▸ About this exercise: The lines to repeat are those below from the one containing "En las casas" down to the one containing "Helytörténeti sétá | Újabb ismeretek", both included; reproduce them exactly and nothing else.

▸ Data to process:
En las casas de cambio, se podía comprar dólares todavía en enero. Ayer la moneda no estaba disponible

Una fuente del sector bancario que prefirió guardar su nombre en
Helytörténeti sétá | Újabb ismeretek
...
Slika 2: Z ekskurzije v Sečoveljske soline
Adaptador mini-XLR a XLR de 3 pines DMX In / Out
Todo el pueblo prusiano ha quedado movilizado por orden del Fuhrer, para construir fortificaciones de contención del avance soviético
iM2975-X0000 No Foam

▸ Result below:
En las casas de cambio, se podía comprar dólares todavía en enero. Ayer la moneda no estaba disponible

Una fuente del sector bancario que prefirió guardar su nombre en
Helytörténeti sétá | Újabb ismeretek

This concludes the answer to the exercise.